**Aim of the exercise**
Copy all the records word for word, apart from any pictures.

**The input**
++++

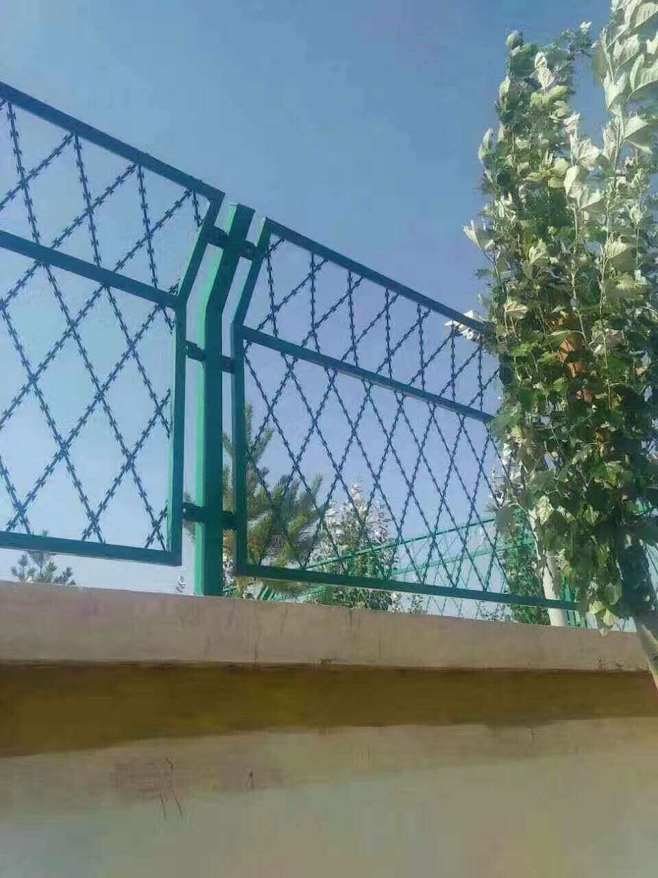 看守所刀刺片鋼網(wǎng)墻、V型支架鋼網(wǎng)墻、定制看守所鋼網(wǎng)墻,監(jiān)獄鋼網(wǎng)墻采用高強(qiáng)度的刀片刺網(wǎng)與普通防護(hù)網(wǎng)的結(jié)合,由V型支架立拄,加強(qiáng)型焊接片網(wǎng),安全防盜連接件和組成。監(jiān)獄護(hù)欄網(wǎng)網(wǎng)格結(jié)構(gòu)簡(jiǎn)練、便于運(yùn)輸、安裝不受地形起伏限制,特別是對(duì)于山地、坡地、多彎地帶適應(yīng)性極強(qiáng)。螺旋型交叉刀片刺網(wǎng)是在兩條刀片刺網(wǎng)之間以不銹鋼片和鍍鋅鋼片強(qiáng)力夾扣,展開(kāi)后即呈交叉狀,美觀又實(shí)用。
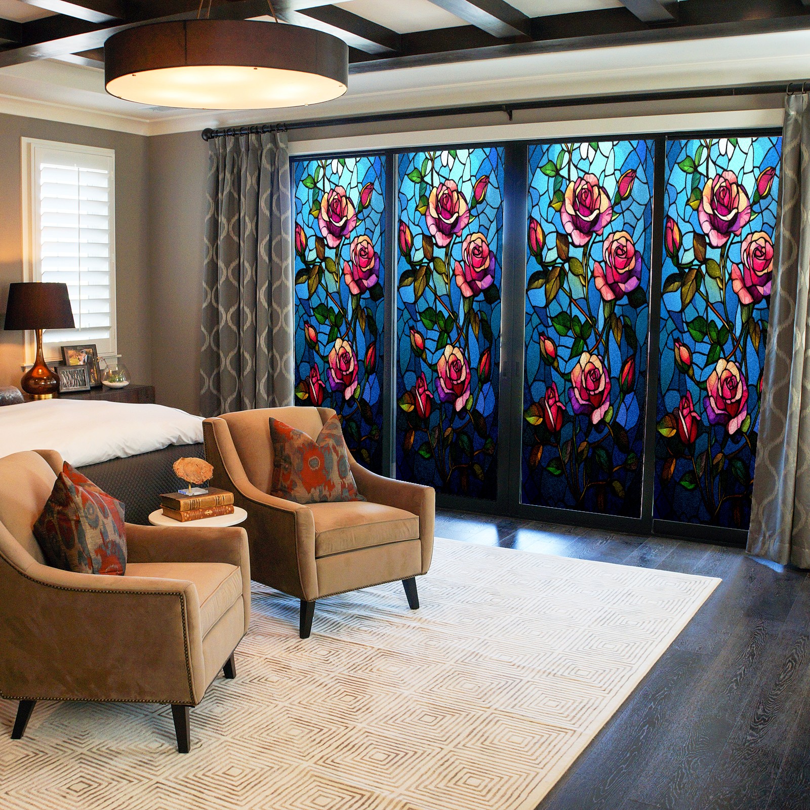 • <p><b>Privacy Protection with Aesthetic Design</b></p><p>The frosted privacy window film protection for bathrooms, bedrooms, offices, and storefronts. Its light-diffusing texture maintains natural daylight while blocking 95% of UV rays and external visibility. Our window glass films offers excellent sun blocking capabilities, effectively reducing heat and glare, give privacy while still allowing natural soft light in.This window glass films with graphic printings, bright and vivid color, long term non fading</p><p><b>Effortless Installation &amp; Versatile Application</b></p><p>This frosted window film works perfectly for bathroom glass partitions, bedroom bay windows, kitchen sliding doors, office dividers, and storefront windows. With a 3-step installation process (clean, spray, smooth), it takes just 10 minutes to transform any glass surface. The film is trimmable for custom sizes and shapes, compatible with curved or unique glass designs.&nbsp;</p><p><b>We have various sizes and patterns, and there is always one that meets your preferences. Welcome to purchase Counullo frosted glass sticker.</b></p>
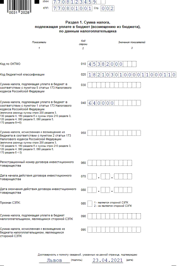 Раздел 1 относится к итоговым. Здесь надлежит обозначить сумму налога к уплате либо возмещению из бюджета.
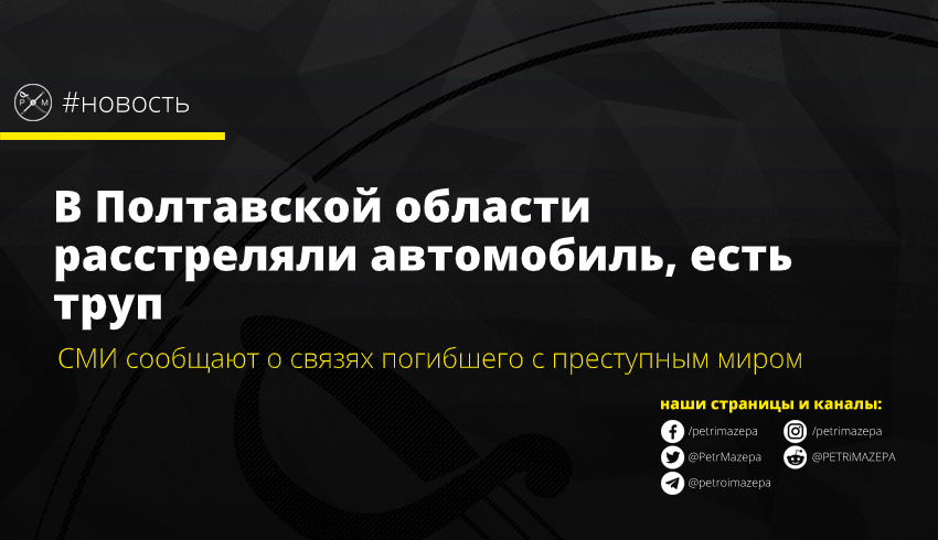 В Полтавской области на трассе Киев-Харьков был обнаружен расстрелянный автомобиль. В салоне обнаружено тело человека, по данным СМИ, Александра Мазура, который связан с криминальным миром.
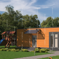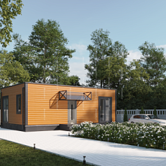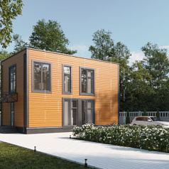 Домокомплект EFFECT WIDE WINDOWS имеет дополнительную особенность: много окон, широкий обзор во всех направлениях. Этот комплект предлагают покупателям, которые хотят любоваться ландшафтом и заботятся о хорошем естественном освещении помещения. Окна имеют стандартный размер, но в комплекте стеновых панелей преобладают панели с пластиковыми окнами.
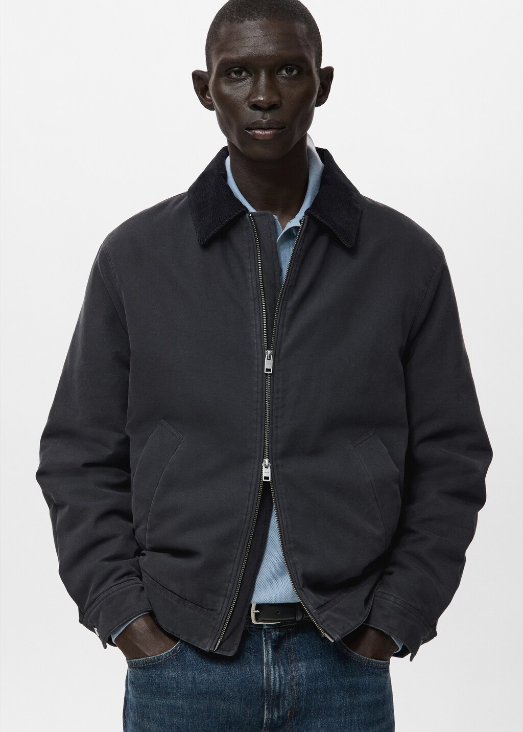 Regular fit. Denim-style cotton fabric. Quilted design. Corduroy collar. Two side welt pockets. Long sleeves with buttoned cuffs. Double zip closure.
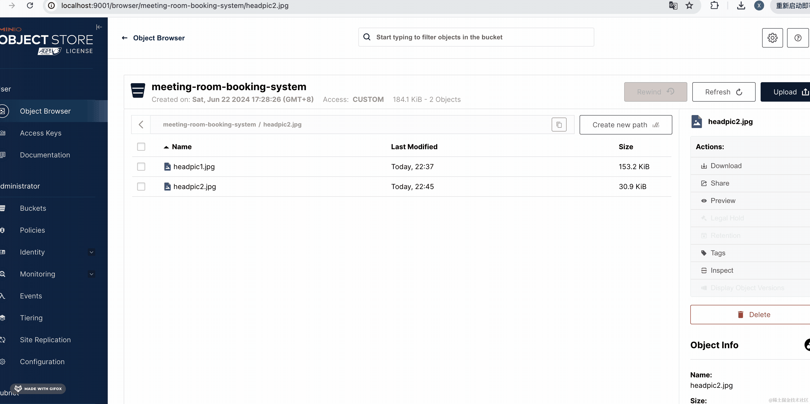 这样,基于 minio 搭的 OSS 服务的图片上传功能就完成了。
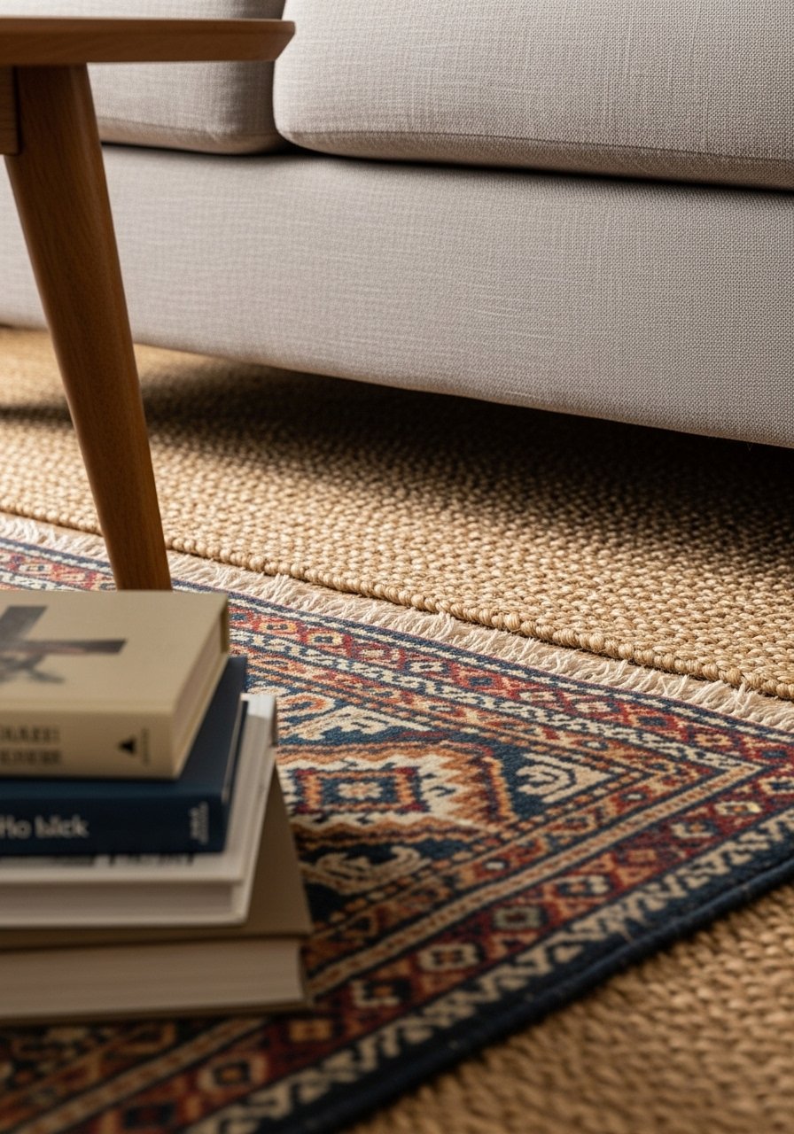 I ordered a low-quality rug once; it looked cheap and slid around. Choose a low-profile woven rug with a non-slip pad. Keep other patterns simple so the rug can read like a strong base.
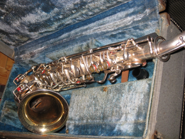 I bought this from my saxophone technician a few years age, who had already repaired, repadded and replaced the felts on it. It is a silver-plated Martin Handraft alto from 1930 and is excellent condition, made just after the stock market crash the previous year.
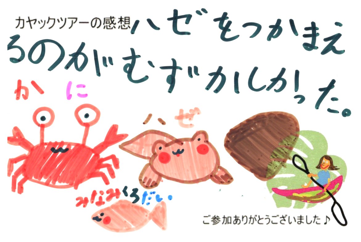 とっても楽しかったです ハゼつかまえられた!! 2026年2月4日午前 とっても楽しかったです ハゼつかまえられた!! 楽しかった ハゼをつかまえるのがむずかしかった。 かに ハゼ みなみくろだい たのしかった かい えび かに みなみくろだい はぜ カヤックをおりてマングローブの中を歩くのが とても楽しかった!
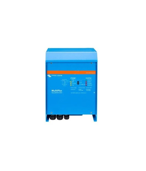 Description : Multifonctions, avec une gestion intelligente de l’énergie Le MultiPlus rassemble dans un seul boîtier compact un convertisseur sinusoïdal puissant, un chargeur sophistiqué à technologie de charge adaptative et un commutateur de transfert CA ultra rapide. En plus de ces fonctions de base, le MultiPlus offre de nombreuses caractéristiques avancées décrites ci-dessous. Deux sorties CA La sortie principale a une fonction d’alimentation ininterrompue. En cas de défaillance du réseau ou de déconnection de la puissance de quai ou du groupe, le MultiPlus prend la suite de l’alimentation des charges connectées. Ce transfert est si rapide (moins de 20 millisecondes) que le fonctionnement d’ordinateurs ou d’autres équipements électroniques sensibles raccordés ne seront pas perturbés. La deuxième sortie n’est sous tension que lorsque le CA est disponible sur l’une des entrées du MultiPlus. Des utilisateurs qui ne déchargeraient pas la batterie, comme un chauffe-eau par exemple, peuvent être connectés à cette sortie. Puissance virtuellement illimitée grâce au fonctionnement en parallèle Jusqu’à 6 Multi peuvent fonctionner en parallèle pour obtenir plus de puissance en sortie. Exemple: six unités 24/5000/120 fourniront une puissance de 25 kW / 30 kVA en sortie et 720 Amps de capacité de charge. Configuration triphasée En plus de la connexion en parallèle, trois unités peuvent être configurées pour une sortie triphasée. Mais ce n’est pas tout : jusqu’à 6 séries de 3 unités peuvent être raccordées en parallèle pour fournir une puissance de 75 kW / 90 kVA et plus de 2000 Amps de capacité de charge. Power Control: s’adapter aux limites d’un groupe, du quai ou du secteur Le MultiPlus comporte un chargeur de batteries très puissant qui demande de fortes intensités aux branchements à quai (près de 10A en 230 VAC par Multi de 5kVA). Le tableau de commande Multi Control permet de limiter la puissance à fournir par le quai ou par le groupe électrogène. Le MultiPlus prend alors en compte la demande de puissance AC en sortie et n’utilisera que l’excédent pour la charge, évitant ainsi toute surcharge du quai ou d’un groupe électrogène. PowerAssist – Davantage de puissance fournie par le quai ou le groupe Cette fonction donne une dimension supplémentaire au principe du Power Control En permettant au MultiPlus de compléter la capacité de la source alternative. En cas d’une demande de forte puissance de pointe (souvent requise pour une courte durée lors de démarrage d’un moteur électrique), le MultiPlus fournit par son convertisseur et les batteries la puissance complémentaire à la puissance limitée du quai ou du groupe. Lorsque la demande diminue, l’excédent de puissance est utilisé pour recharger les batteries. Charge adaptive en quatre étapes et chargement de deux bancs de batterie La sortie principale fournit une charge puissante au système de batterie grâce à un logiciel avancé de "charge adaptive". Le logiciel ajuste les trois étapes du processus automatique pour s’adapter à l’état de la batterie, et il en rajoute une quatrième pour les longues périodes de chargement « float ». Le processus de charge adaptative est détaillé dans la fiche technique du Chargeur Phoenix et sur notre site Web, à la section Informations Techniques. De plus, le MultiPlus chargera une deuxième batterie en utilisant une sortie de charge d’entretien indépendante destinée à des batteries de démarrage de générateur ou de moteur principal (sortie de charge d’entretien disponible seulement sur les modèles de 12 V et 24 V). La configuration du système n’a jamais été aussi simple Une fois installé, le MultiPlus est prêt à être utilisé. Si des paramètres doivent être changés, cela se fait en quelques minutes avec une nouvelle procédure de réglages des interrupteurs DIP. Même le fonctionnement en parallèle ou triphasée peut être programmé par des interrupteurs DIP : aucun ordinateur n’est nécessaire! Sinon, VE.Net peut être utilisé à la place des interrupteurs DIP.

++++

**Answer below**
 看守所刀刺片鋼網(wǎng)墻、V型支架鋼網(wǎng)墻、定制看守所鋼網(wǎng)墻,監(jiān)獄鋼網(wǎng)墻采用高強(qiáng)度的刀片刺網(wǎng)與普通防護(hù)網(wǎng)的結(jié)合,由V型支架立拄,加強(qiáng)型焊接片網(wǎng),安全防盜連接件和組成。監(jiān)獄護(hù)欄網(wǎng)網(wǎng)格結(jié)構(gòu)簡(jiǎn)練、便于運(yùn)輸、安裝不受地形起伏限制,特別是對(duì)于山地、坡地、多彎地帶適應(yīng)性極強(qiáng)。螺旋型交叉刀片刺網(wǎng)是在兩條刀片刺網(wǎng)之間以不銹鋼片和鍍鋅鋼片強(qiáng)力夾扣,展開(kāi)后即呈交叉狀,美觀又實(shí)用。
 • <p><b>Privacy Protection with Aesthetic Design</b></p><p>The frosted privacy window film protection for bathrooms, bedrooms, offices, and storefronts. Its light-diffusing texture maintains natural daylight while blocking 95% of UV rays and external visibility. Our window glass films offers excellent sun blocking capabilities, effectively reducing heat and glare, give privacy while still allowing natural soft light in.This window glass films with graphic printings, bright and vivid color, long term non fading</p><p><b>Effortless Installation &amp; Versatile Application</b></p><p>This frosted window film works perfectly for bathroom glass partitions, bedroom bay windows, kitchen sliding doors, office dividers, and storefront windows. With a 3-step installation process (clean, spray, smooth), it takes just 10 minutes to transform any glass surface. The film is trimmable for custom sizes and shapes, compatible with curved or unique glass designs.&nbsp;</p><p><b>We have various sizes and patterns, and there is always one that meets your preferences. Welcome to purchase Counullo frosted glass sticker.</b></p>
 Раздел 1 относится к итоговым. Здесь надлежит обозначить сумму налога к уплате либо возмещению из бюджета.
 В Полтавской области на трассе Киев-Харьков был обнаружен расстрелянный автомобиль. В салоне обнаружено тело человека, по данным СМИ, Александра Мазура, который связан с криминальным миром.
 Домокомплект EFFECT WIDE WINDOWS имеет дополнительную особенность: много окон, широкий обзор во всех направлениях. Этот комплект предлагают покупателям, которые хотят любоваться ландшафтом и заботятся о хорошем естественном освещении помещения. Окна имеют стандартный размер, но в комплекте стеновых панелей преобладают панели с пластиковыми окнами.
 Regular fit. Denim-style cotton fabric. Quilted design. Corduroy collar. Two side welt pockets. Long sleeves with buttoned cuffs. Double zip closure.
 这样,基于 minio 搭的 OSS 服务的图片上传功能就完成了。
 I ordered a low-quality rug once; it looked cheap and slid around. Choose a low-profile woven rug with a non-slip pad. Keep other patterns simple so the rug can read like a strong base.
 I bought this from my saxophone technician a few years age, who had already repaired, repadded and replaced the felts on it. It is a silver-plated Martin Handraft alto from 1930 and is excellent condition, made just after the stock market crash the previous year.
 とっても楽しかったです ハゼつかまえられた!! 2026年2月4日午前 とっても楽しかったです ハゼつかまえられた!! 楽しかった ハゼをつかまえるのがむずかしかった。 かに ハゼ みなみくろだい たのしかった かい えび かに みなみくろだい はぜ カヤックをおりてマングローブの中を歩くのが とても楽しかった!
 Description : Multifonctions, avec une gestion intelligente de l’énergie Le MultiPlus rassemble dans un seul boîtier compact un convertisseur sinusoïdal puissant, un chargeur sophistiqué à technologie de charge adaptative et un commutateur de transfert CA ultra rapide. En plus de ces fonctions de base, le MultiPlus offre de nombreuses caractéristiques avancées décrites ci-dessous. Deux sorties CA La sortie principale a une fonction d’alimentation ininterrompue. En cas de défaillance du réseau ou de déconnection de la puissance de quai ou du groupe, le MultiPlus prend la suite de l’alimentation des charges connectées. Ce transfert est si rapide (moins de 20 millisecondes) que le fonctionnement d’ordinateurs ou d’autres équipements électroniques sensibles raccordés ne seront pas perturbés. La deuxième sortie n’est sous tension que lorsque le CA est disponible sur l’une des entrées du MultiPlus. Des utilisateurs qui ne déchargeraient pas la batterie, comme un chauffe-eau par exemple, peuvent être connectés à cette sortie. Puissance virtuellement illimitée grâce au fonctionnement en parallèle Jusqu’à 6 Multi peuvent fonctionner en parallèle pour obtenir plus de puissance en sortie. Exemple: six unités 24/5000/120 fourniront une puissance de 25 kW / 30 kVA en sortie et 720 Amps de capacité de charge. Configuration triphasée En plus de la connexion en parallèle, trois unités peuvent être configurées pour une sortie triphasée. Mais ce n’est pas tout : jusqu’à 6 séries de 3 unités peuvent être raccordées en parallèle pour fournir une puissance de 75 kW / 90 kVA et plus de 2000 Amps de capacité de charge. Power Control: s’adapter aux limites d’un groupe, du quai ou du secteur Le MultiPlus comporte un chargeur de batteries très puissant qui demande de fortes intensités aux branchements à quai (près de 10A en 230 VAC par Multi de 5kVA). Le tableau de commande Multi Control permet de limiter la puissance à fournir par le quai ou par le groupe électrogène. Le MultiPlus prend alors en compte la demande de puissance AC en sortie et n’utilisera que l’excédent pour la charge, évitant ainsi toute surcharge du quai ou d’un groupe électrogène. PowerAssist – Davantage de puissance fournie par le quai ou le groupe Cette fonction donne une dimension supplémentaire au principe du Power Control En permettant au MultiPlus de compléter la capacité de la source alternative. En cas d’une demande de forte puissance de pointe (souvent requise pour une courte durée lors de démarrage d’un moteur électrique), le MultiPlus fournit par son convertisseur et les batteries la puissance complémentaire à la puissance limitée du quai ou du groupe. Lorsque la demande diminue, l’excédent de puissance est utilisé pour recharger les batteries. Charge adaptive en quatre étapes et chargement de deux bancs de batterie La sortie principale fournit une charge puissante au système de batterie grâce à un logiciel avancé de "charge adaptive". Le logiciel ajuste les trois étapes du processus automatique pour s’adapter à l’état de la batterie, et il en rajoute une quatrième pour les longues périodes de chargement « float ». Le processus de charge adaptative est détaillé dans la fiche technique du Chargeur Phoenix et sur notre site Web, à la section Informations Techniques. De plus, le MultiPlus chargera une deuxième batterie en utilisant une sortie de charge d’entretien indépendante destinée à des batteries de démarrage de générateur ou de moteur principal (sortie de charge d’entretien disponible seulement sur les modèles de 12 V et 24 V). La configuration du système n’a jamais été aussi simple Une fois installé, le MultiPlus est prêt à être utilisé. Si des paramètres doivent être changés, cela se fait en quelques minutes avec une nouvelle procédure de réglages des interrupteurs DIP. Même le fonctionnement en parallèle ou triphasée peut être programmé par des interrupteurs DIP : aucun ordinateur n’est nécessaire! Sinon, VE.Net peut être utilisé à la place des interrupteurs DIP.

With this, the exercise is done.